R provides a wide range of functions for obtaining summary statistics. One method of obtaining descriptive statistics is to use the summary( ) function. This function is automatically applied to each column, and it calculates:
For example, we get the descriptive statistics of
wage1
:
summary(wage1)
## wage educ exper tenure
## Min. : 0.530 Min. : 0.00 Min. : 1.00 Min. : 0.000
## 1st Qu.: 3.330 1st Qu.:12.00 1st Qu.: 5.00 1st Qu.: 0.000
## Median : 4.650 Median :12.00 Median :13.50 Median : 2.000
## Mean : 5.896 Mean :12.56 Mean :17.02 Mean : 5.105
## 3rd Qu.: 6.880 3rd Qu.:14.00 3rd Qu.:26.00 3rd Qu.: 7.000
## Max. :24.980 Max. :18.00 Max. :51.00 Max. :44.000
## nonwhite female married numdep
## Min. :0.0000 Min. :0.0000 Min. :0.0000 Min. :0.000
## 1st Qu.:0.0000 1st Qu.:0.0000 1st Qu.:0.0000 1st Qu.:0.000
## Median :0.0000 Median :0.0000 Median :1.0000 Median :1.000
## Mean :0.1027 Mean :0.4791 Mean :0.6084 Mean :1.044
## 3rd Qu.:0.0000 3rd Qu.:1.0000 3rd Qu.:1.0000 3rd Qu.:2.000
## Max. :1.0000 Max. :1.0000 Max. :1.0000 Max. :6.000
## smsa northcen south west
## Min. :0.0000 Min. :0.000 Min. :0.0000 Min. :0.0000
## 1st Qu.:0.0000 1st Qu.:0.000 1st Qu.:0.0000 1st Qu.:0.0000
## Median :1.0000 Median :0.000 Median :0.0000 Median :0.0000
## Mean :0.7224 Mean :0.251 Mean :0.3555 Mean :0.1692
## 3rd Qu.:1.0000 3rd Qu.:0.750 3rd Qu.:1.0000 3rd Qu.:0.0000
## Max. :1.0000 Max. :1.000 Max. :1.0000 Max. :1.0000
## construc ndurman trcommpu trade
## Min. :0.00000 Min. :0.0000 Min. :0.00000 Min. :0.0000
## 1st Qu.:0.00000 1st Qu.:0.0000 1st Qu.:0.00000 1st Qu.:0.0000
## Median :0.00000 Median :0.0000 Median :0.00000 Median :0.0000
## Mean :0.04563 Mean :0.1141 Mean :0.04373 Mean :0.2871
## 3rd Qu.:0.00000 3rd Qu.:0.0000 3rd Qu.:0.00000 3rd Qu.:1.0000
## Max. :1.00000 Max. :1.0000 Max. :1.00000 Max. :1.0000
## services profserv profocc clerocc
## Min. :0.0000 Min. :0.0000 Min. :0.0000 Min. :0.0000
## 1st Qu.:0.0000 1st Qu.:0.0000 1st Qu.:0.0000 1st Qu.:0.0000
## Median :0.0000 Median :0.0000 Median :0.0000 Median :0.0000
## Mean :0.1008 Mean :0.2586 Mean :0.3669 Mean :0.1673
## 3rd Qu.:0.0000 3rd Qu.:1.0000 3rd Qu.:1.0000 3rd Qu.:0.0000
## Max. :1.0000 Max. :1.0000 Max. :1.0000 Max. :1.0000
## servocc lwage expersq tenursq
## Min. :0.0000 Min. :-0.6349 Min. : 1.0 Min. : 0.00
## 1st Qu.:0.0000 1st Qu.: 1.2030 1st Qu.: 25.0 1st Qu.: 0.00
## Median :0.0000 Median : 1.5369 Median : 182.5 Median : 4.00
## Mean :0.1407 Mean : 1.6233 Mean : 473.4 Mean : 78.15
## 3rd Qu.:0.0000 3rd Qu.: 1.9286 3rd Qu.: 676.0 3rd Qu.: 49.00
## Max. :1.0000 Max. : 3.2181 Max. :2601.0 Max. :1936.00
We can also get the summary statistics of a single column:
summary(wage1$educ)
## Min. 1st Qu.
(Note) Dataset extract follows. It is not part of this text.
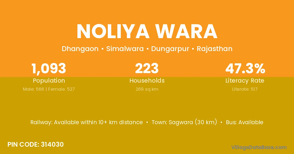 Sagwara (30 km) is the nearest town to Noliya Wara village for major economic activities and is located approximately 30 km away.

Median Mean 3rd Qu. Max.
## 0.00 12.00 12.00 12.56 14.00 18.00
Exercise-E:
- What is the sample variance of “educ” in the
wage1
dataset? (Hint: Use var( ).)- What is the sample correlation between “educ” and “wage” in the
wage1
dataset? (Hint: Use cor( ).)- What is the number of observations that have more than 12 years of eduction?
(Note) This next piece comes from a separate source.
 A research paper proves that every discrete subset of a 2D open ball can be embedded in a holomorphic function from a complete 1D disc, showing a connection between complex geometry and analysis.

Suppose we are interested in the relationship between years of
education and wage. Is it positive? Negative? Linear? Nonlinear? You can
test your answer with the wage1
data frame. Let
educ
on the x-axis and wage
on the y-axis:
plot(x=wage1$educ,
y=wage1$wage,
main="The relationship b/t educ and wage", # title of the plot
xlab="years of education", # label for x-axis
ylab="wage")
Another popular function used to get a plot is ggplot( ) in the ggplot2
package. In fact, R has several systems for making graphs, but
ggplot2
is one of the most elegant and most versatile.
ggplot2
implements the grammar of graphics, a coherent
system for describing and building graphs. With ggplot2
,
you can do more faster by learning one system and applying it in many
places. If you’d like to learn more about the theoretical underpinnings
of ggplot2
before you start, I’d recommend reading “The Layered
Grammar of Graphics”.
library(ggplot2)
ggplot(data = wage1) +
geom_point(mapping = aes(x = educ, y = wage))
Exercise-F:
- Make a scatterplot of
exper
vswage
, and discuss the relationship between years of experience and average hourly earnings.- At every level of education, is there any gender wage gap?